本発明は、表面に凹凸模様が形成された電子楽器の鍵に関する。
従来から、電子楽器が備える鍵の中には、高級感を出すために、木目模様や象牙模様等の凹凸を形成したものがある(例えば、特許文献1参照)。この鍵は、黒鍵を構成しており、射出成形によって成形される。そして、成形後に、鍵の上面と両側面とをサンドペーパで削り加工することにより、不規則な断面V字状の溝からなる木目調の凹凸模様が形成される。
特開2009−169361号公報
しかしながら、前述した鍵では、鍵の表面を構成する上面から両側面にかかる部分をすべてサンドペーパで削り加工することにより木目調の凹凸模様を形成しているため、凹凸模様が単調になり美観に乏しいものであった。

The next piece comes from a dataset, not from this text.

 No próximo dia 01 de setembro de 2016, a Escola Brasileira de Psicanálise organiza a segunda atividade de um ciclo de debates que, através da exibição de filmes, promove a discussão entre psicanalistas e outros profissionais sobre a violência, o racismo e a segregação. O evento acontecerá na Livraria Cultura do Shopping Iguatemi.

本発明は、前述した問題に対処するためになされたもので、その目的は、上面と側面、上面と前面および側面と前面との間にそれぞれ接続面を形成し、その接続面を凹凸模様が形成された面や鏡面で構成することにより美観を向上できる電子楽器の鍵を提供することである。なお、下記本発明の各構成要件の記載においては、本発明の理解を容易にするために、実施形態の対応箇所の符号を括弧内に記載しているが、本発明の構成要件は、実施形態の符号によって示された対応箇所の構成に限定解釈されるべきものではない。

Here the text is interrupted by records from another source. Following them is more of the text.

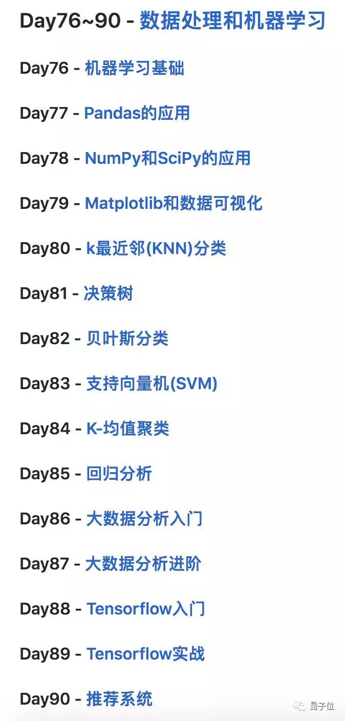 最初的15天,都是Python语言基础的修炼。基本功很重要,每日内容也很丰满: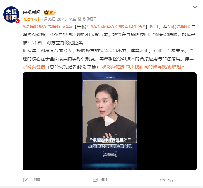 近日,演员温峥嵘自曝遭AI盗播,多个直播间出现她的带货形象。她曾在直播间质问:“你是温峥嵘,那我是谁?”不料,对方立刻将她拉黑。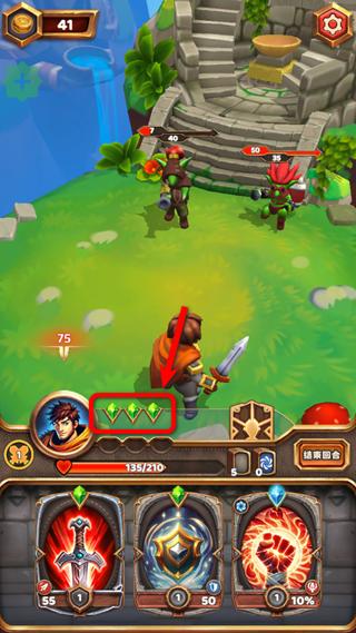 4.这个绿色的石头就是你的回合数,一块石头代表一次攻击机会,卡牌上有绿石头标志的就是需要耗费绿色石头的。

前述した目的を達成するため、本発明に係る電子楽器の鍵の構成上の特徴は、上面(21)、側面(22)および前面(23)に、凹部からなる線状部と凸部からなる線状部(26a,27a,28a)との少なくとも一方で構成される線模様が形成され、かつ上面に形成された線模様が本体部と一体成形された電子楽器の鍵(10)において、上面と側面との間、上面と前面との間および側面と前面との間にそれぞれ接続面(24a,24b,24c,24e,24f,25a,25b)を形成し、それぞれの接続面を、それぞれ表面からの長さが0.01mm〜1mmで、直径が0.03mm〜0.5mmの複数の微小凹部と複数の微小凸部(29a)との少なくとも一方からなる接続面模様部(29)で構成したことにある。

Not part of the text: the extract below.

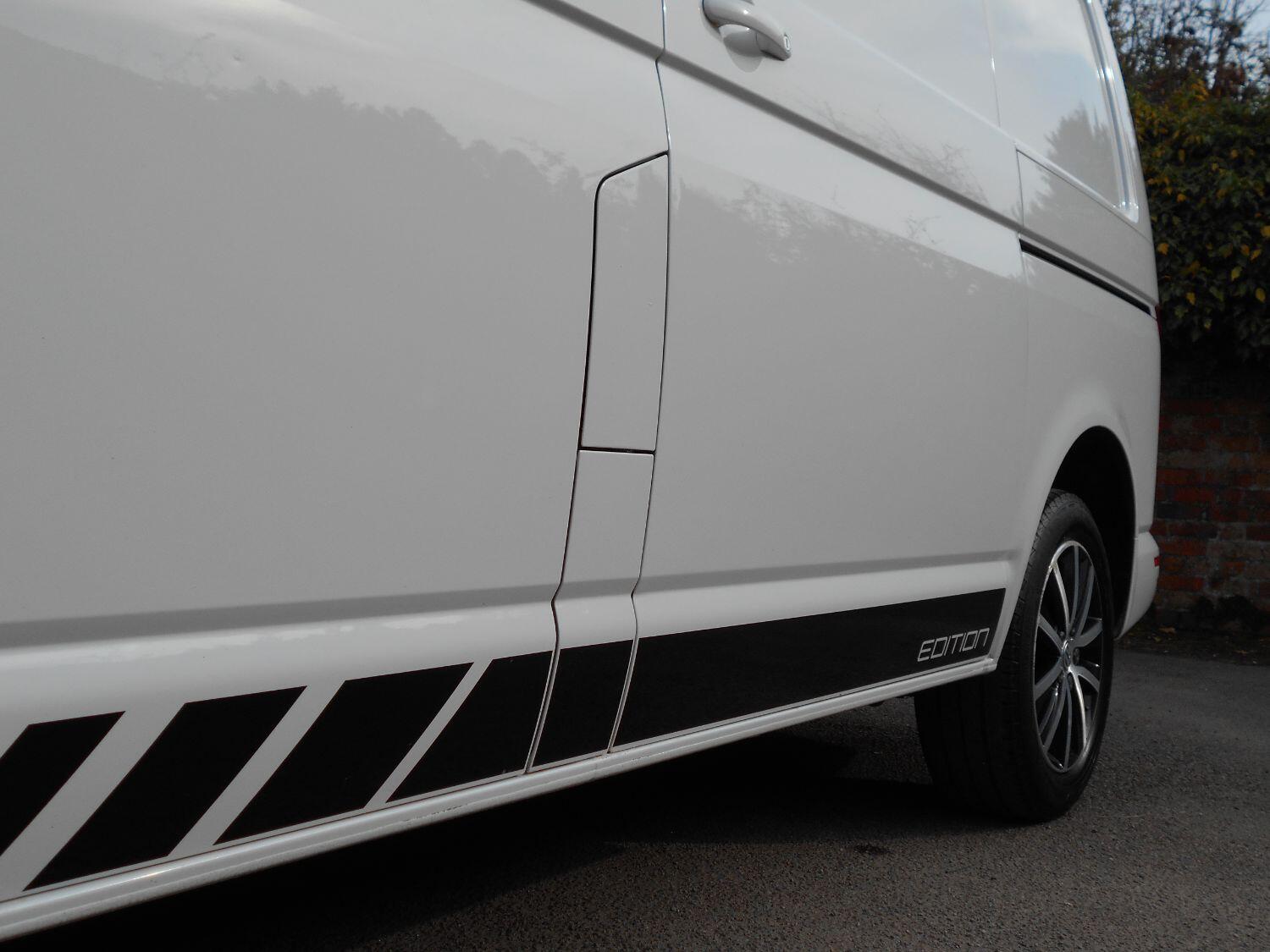 *LIMITED EDITION ULTRA RARE SPEC* * *STUNNING CONDITION* Your chance to own a VW Transporter 2.0TDi 150bhp T30 EDITION SWB High Spec in white with Full Service History. 107,000 miles. Incredible high specification including the following; Satellite Navigation, Air Conditioning, Adaptive Cruise Control, Reversing Camera, Heated Seats, Rear Parking Sensors, Desirable 150bhp TDi Engine, Soft Close Rear and Side loading doors, VW Colour Coded bumpers and also blacked out Roof and Wing Mirrors along with 'Edition' Decals, Alloy Wheels, Touchscreen VW Audio Media System with Apple Car Play & Bluetooth, Leather Steering Wheel, Drivers Captain Chair with arm rests, Electric Windows and Electric Folding Wing Mirrors, Rear Tailgate door, Front Fog Lights, VW Cargo Lined floor. This vehicle comes with Spare Remote Central Locking Keys, Full Service History Print and has only had 1 owner from new. Looks and drives great, the bodywork is in great condition and inside the cab is very clean. A professional looking van that is both spacious, practical and versatile - ideal for work or pleasure and could easily double as a day van or camper conversion. Performs great with desirable 150bhp 2.0 Litre Euro 6 engine with 6-Speed Manual Gearbox and achieves great economy of approx. 40mpg. Ready to driveway today. VEHICLE IS PLUS VAT. VIEWING BY APPOINTMENT ONLY. FINANCE AVAILABLE THROUGH CLOSE BROTHERS. PART EXCHANGE WELCOME (VANS/PICKUPS ONLY). NATIONWIDE DELIVERY AVAILABLE

本発明に係る電子楽器の鍵では、上面と側面との間、上面と前面との間および側面と前面との間にそれぞれ接続面を形成し、その接続面を、複数の微小凹部や複数の微小凸部からなる接続面模様部または鏡面で構成している。この場合の接続面は、両側に位置する2つの面の角部を削り平らにするための平面や、両側に位置する面を滑らかに接続する凸曲面で構成される。このため、上面と側面との間、上面と前面との間および側面と前面との間にそれぞれ接続面模様部または鏡面がくっきりと現れて、上面、側面および前面の境界が明確になり、興趣に富むものとなる。また、上面、側面および前面に線模様が形成されていることに加えて、接続面を微小凹部や微小凸部からなる接続面模様部で構成することにより、触覚においても鍵全体の凹凸を感じやすくなる。
また、本発明においては、接続面模様部(39)を、上面(31)、側面(32)および前面(33)に形成された線模様(36,37,38)とは異なる模様パターンの凹凸模様(39)で構成することが好ましい。これによると、それぞれ凹凸からなる線模様が形成された上面、側面および前面の境界部分に、上面、側面および前面の線模様とは異なる形状の接続面模様部が位置するようになるため、上面、側面および前面の輪郭が際立って現れるようになる。これによって、鍵のデザイン効果が向上する。なお、本発明に係る線模様は、連続する凸条や凹溝に限らず、複数の凸部や凹部を連ねて線状に形成したものも含むものとする。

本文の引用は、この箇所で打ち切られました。